**Important Information**
Experience: + 5 years
Job Mode: Full-time
Work Mode: Work from home
**Job Summary**
As a **_Senior Site Reliability Engineer (6632)_**, you will be part of a highly skilled technology and agile team by supporting and developing cutting-edge solutions to meet our business requirements. You will help us accelerate our customers' business results by innovating cutting-edge digital products.
Your responsibilities will include leading and actively participating in the design, development, and delivery of our software projects.
**Responsibilities and Duties**
- Design, implement, and maintain highly available and scalable cloud infrastructure on AWS platform.
- Develop and implement automated monitoring, alerting, and incident response mechanisms to ensure proactive identification and resolution of system issues.
- Collaborate with software engineering teams to establish Service Level Objectives (SLOs) and Service Level Indicators (SLIs) to measure system reliability and performance.
- Conduct regular performance analysis, capacity planning to anticipate and address scaling requirements.
- Implement and maintain disaster recovery and failover strategies to mitigate service disruptions and ensure business continuity.

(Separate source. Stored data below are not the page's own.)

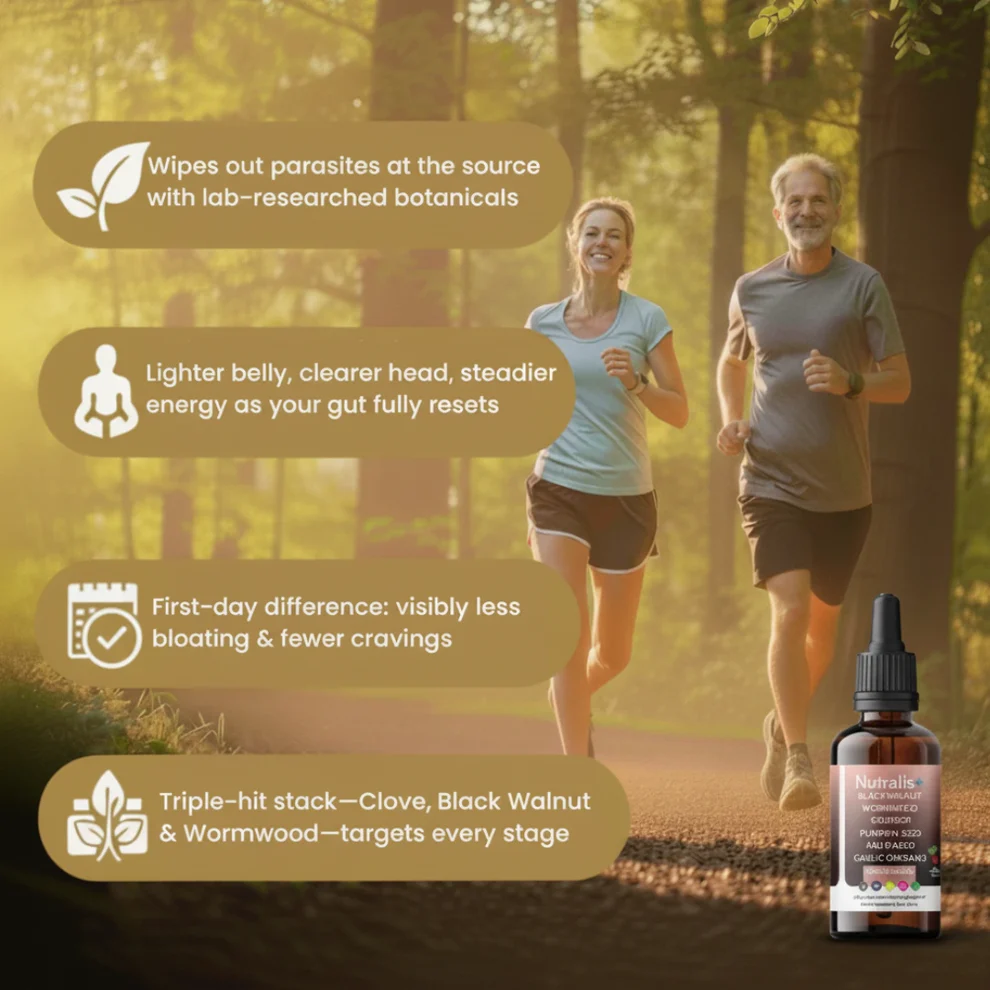 Just one full dropper a day of this powerful Parasite Cleanse help flush out the hidden invaders wrecking your digestion, energy, and focus — so your body finally works with you, not against you.
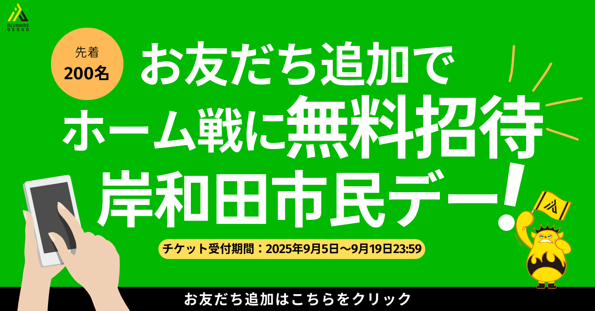 本イベントでは、岸和田市に在住・在学・在勤の方を対象に、対象試合のスタンド席(自由席)へ先着200名様を無料ご招待。
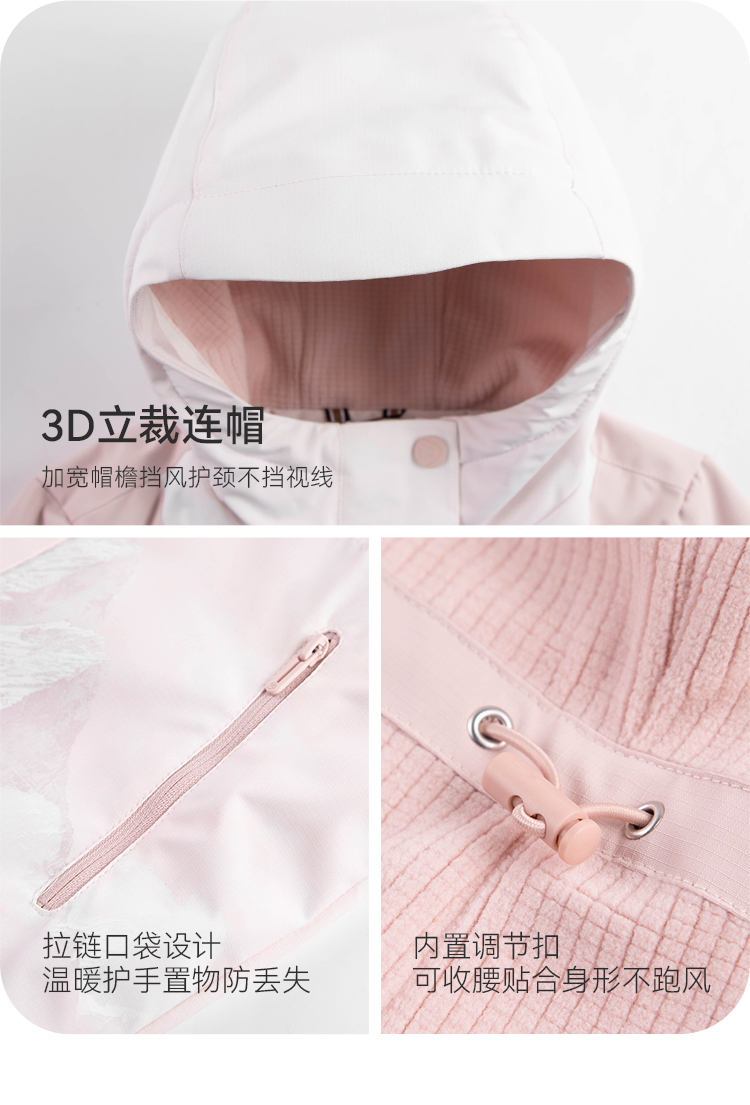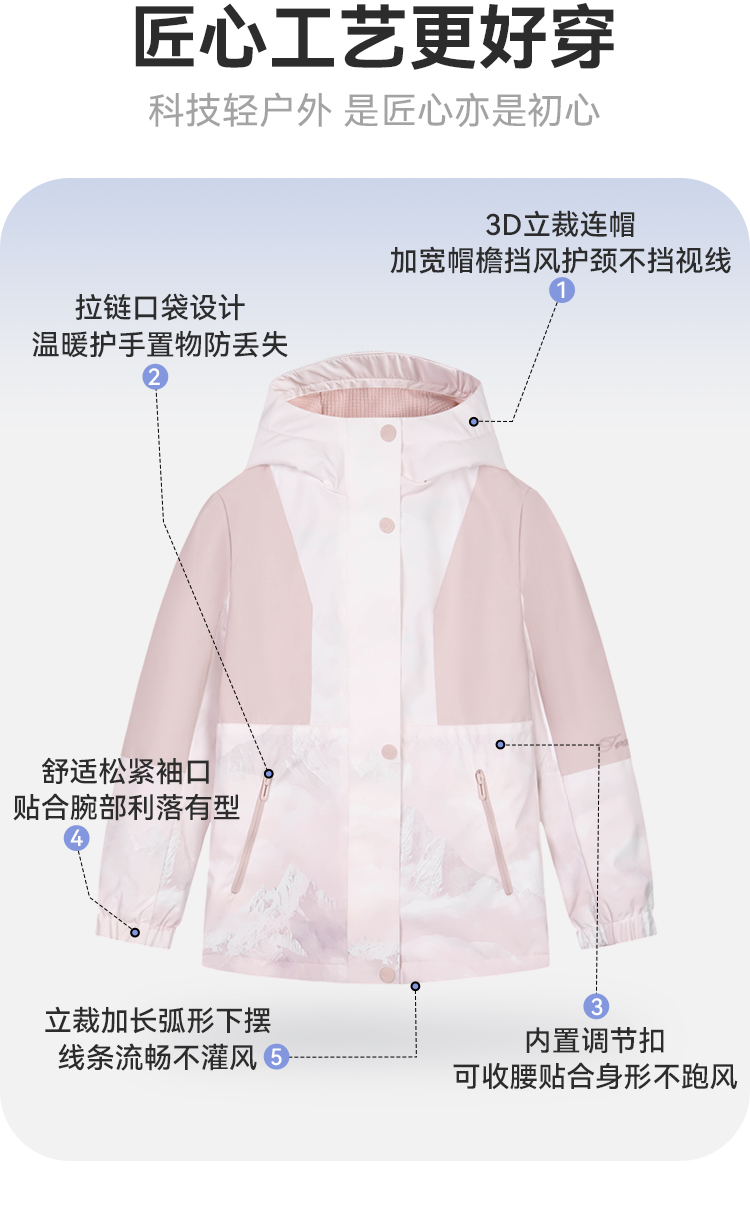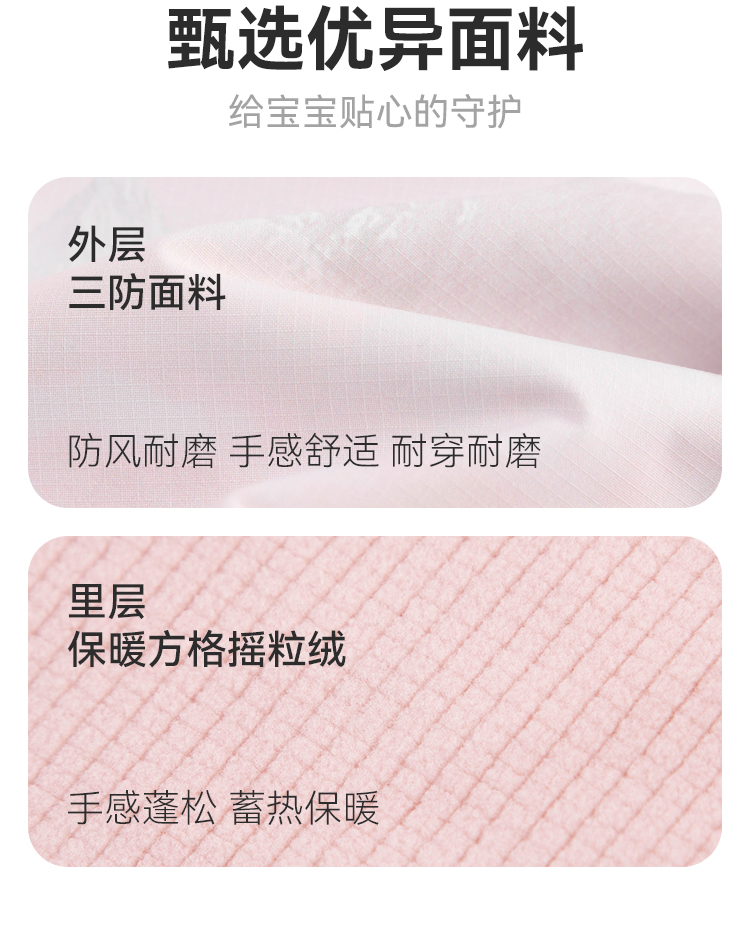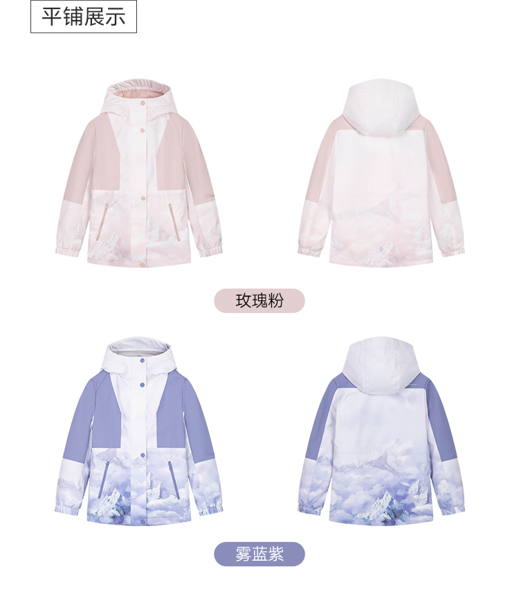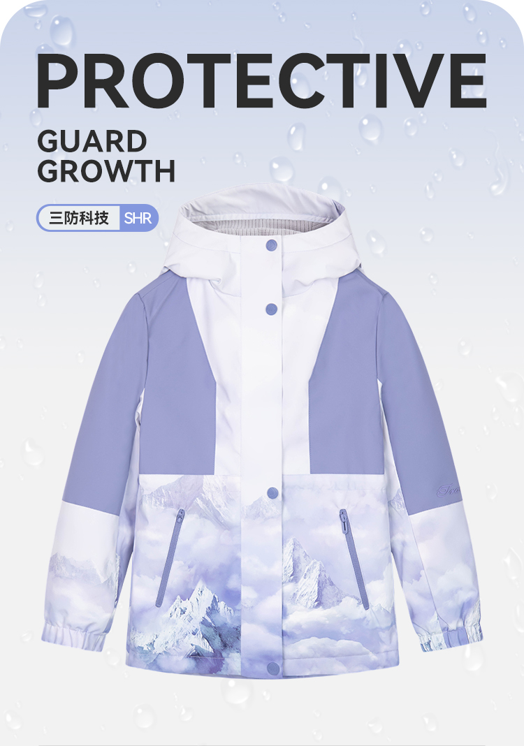 水孩儿童装秋冬新款女童三防加绒外套儿童时尚拼色印花上衣
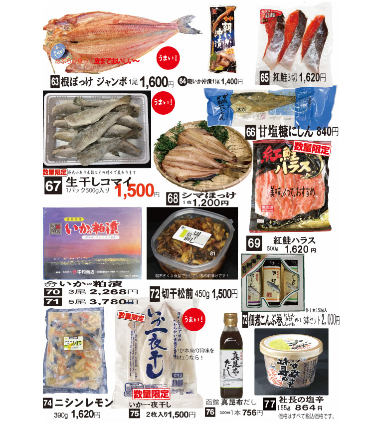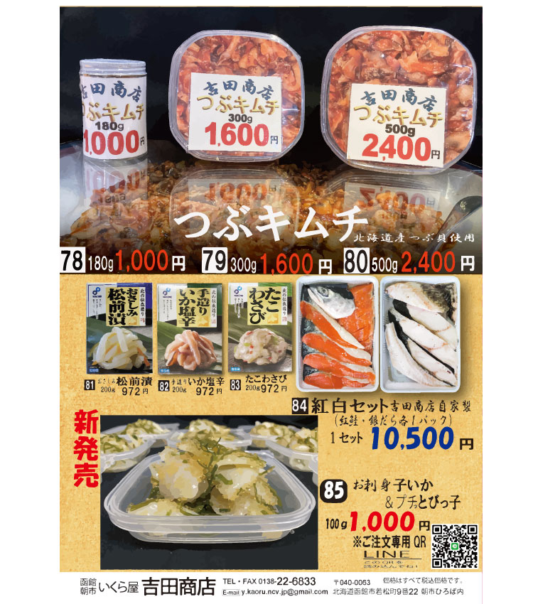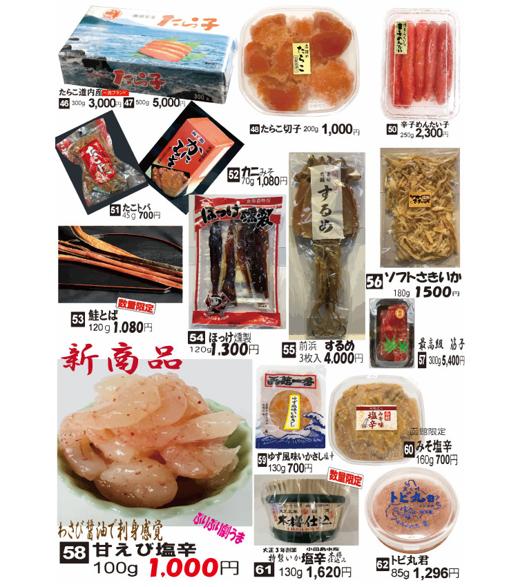 数の子がどっさりと入った松前漬の上にホタテの甘露煮をトッピングご飯のお供にもお酒のおつまみにもなる商品です。
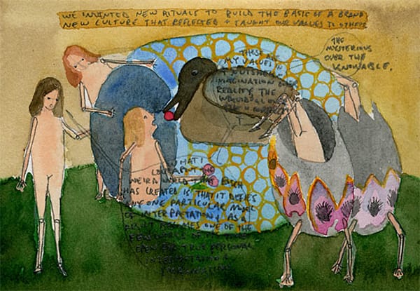 Wilson’s world is often inhabited by little girls who speak for the artist through speech bubbles. They roam around the picture plane and contemplate the world and people, including R. Buckminster Fuller, Paolo Solari and Murray Bookchin. There’s a romance to these images that is seductive and warm.
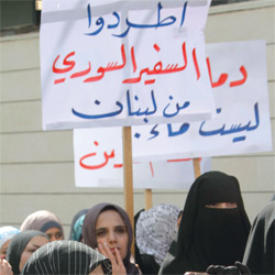 لبنانيات يطالبن بطرد السفير السوري. أ.ب
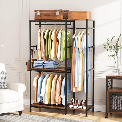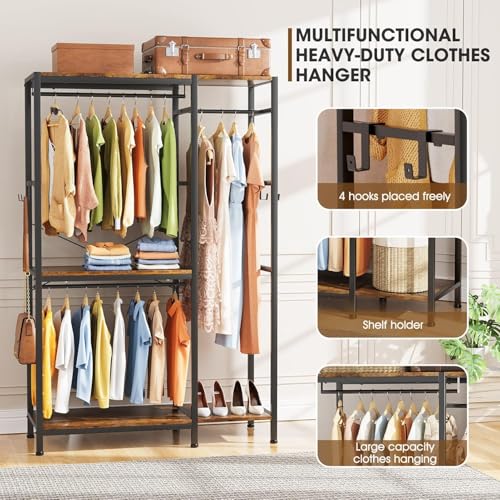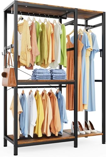 Generic - خزانة ملابس قائمة بذاتها من ام ايه، خزانة ملابس متينة من الحديد والخشب، خزانة ملابس مع قضيب رفوف لتعليق الملابس مع أرفف
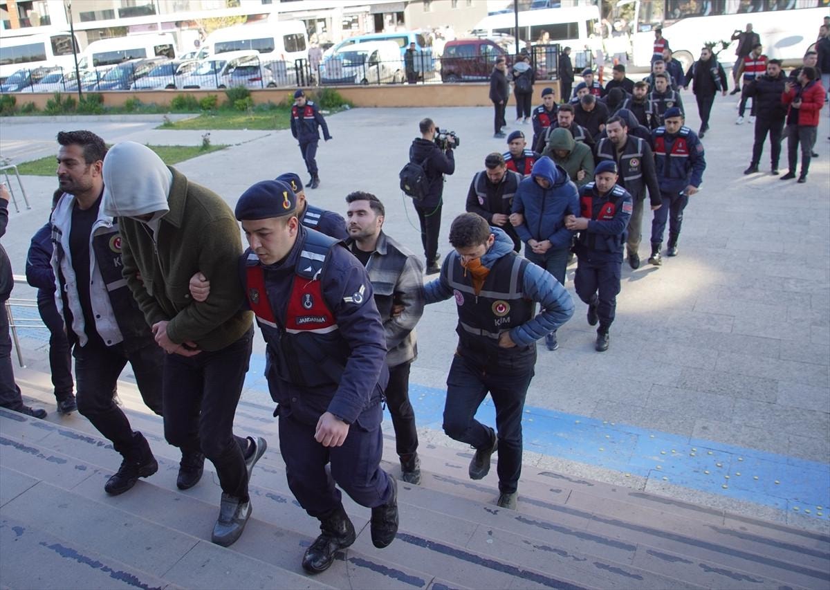 Jandarmadaki işlemleri tamamlanarak Edirne Adliyesi'ne sevk edilen zanlılar, cumhuriyet savcılığındaki sorgularının ardından tutuklanmaları talebiyle Edirne 1. Sulh Ceza Hakimliği'ne çıkarıldı.
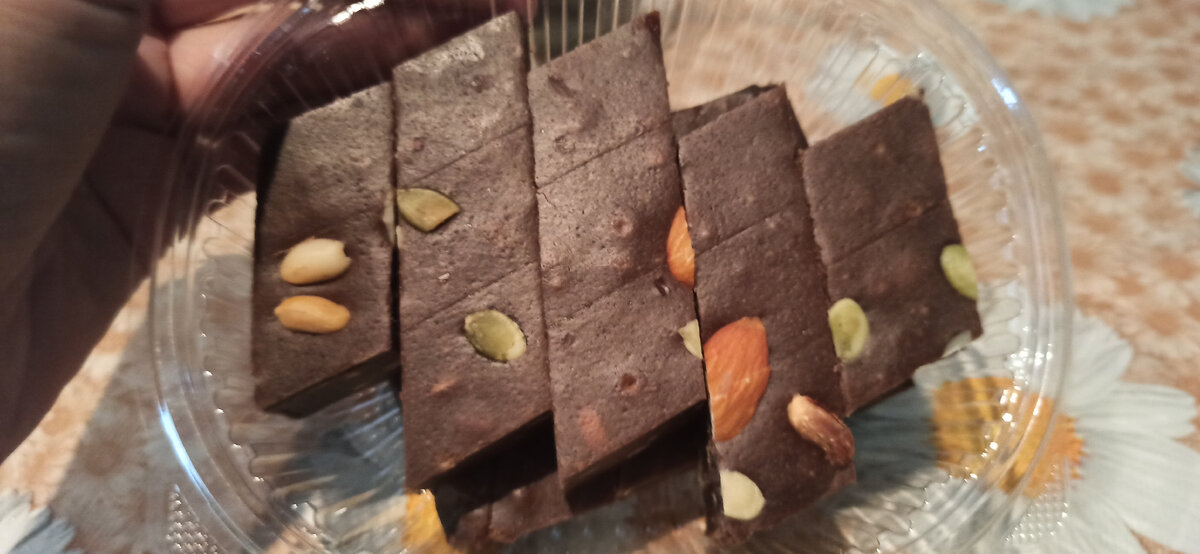 Позже я увидела похожий продукт в магазине восточных сладостей и сухофруктов. Там были представлены разные виды и формы халвы. Заинтересовал меня ещё один вид.

- Lead incident response and post-mortem analysis to identify root causes and implement preventive measures.
- Continuously improve system reliability through automation, optimization, and implementation of best practices.
- Stay updated with the latest AWS services and technologies, and evaluate their applicability to enhance our infrastructure and operations.
- Mentor junior team members and foster a culture of collaboration, learning, and continuous improvement.
**Qualifications and Skills**
- Bachelor's degree in Computer Science, Engineering, or related field. Master's degree preferred.
- AWS Certified Solutions Architect - Professional or AWS Certified DevOps Engineer - Professional certification is required.
- 8+ years of experience in Site Reliability Engineering, DevOps, or related roles, with a focus on AWS cloud technologies.
- Strong understanding of cloud architecture principles and experience with AWS services such as EC2, S3, RDS, Lambda, DynamoDB, etc.
- Proficiency in scripting and automation using languages such as Python, Bash, or PowerShell.
- Experience with infrastructure as code (IaC) tools such as Terraform or CloudFormation for provisioning and configuration management.
- Hands-on experience with monitoring, logging, and observability tools such as CloudWatch, Prometheus, Grafana, ELK stack, etc.
- Solid understanding of CI/CD principles and experience with related tools like Jenkins, GitLab CI/CD, or AWS CodePipeline.
- Excellent problem-solving skills and the ability to troubleshoot complex issues in distributed systems.
- Strong communication and collaboration skills, with the ability to work effectively in cross-functional teams and influence stakeholders at all levels.
**About Encora**
Encora is the preferred digital engineering and modernization partner of some of the world's leading enterprises and digital native companies. With over 9,000 experts in 47+ offices and innovation labs worldwide, Encora's technology practices include Product Engineering & Development, Cloud Services, Quality Engineering, DevSecOps, Data & Analytics, Digital Experience, Cybersecurity, and AI & LLM Engineering.
**At Encora, we hire professionals based solely on their skills and qualifications, and do not discriminate based on age, disability, religion, gender, sexual orientation, socioeconomic status, or nationality.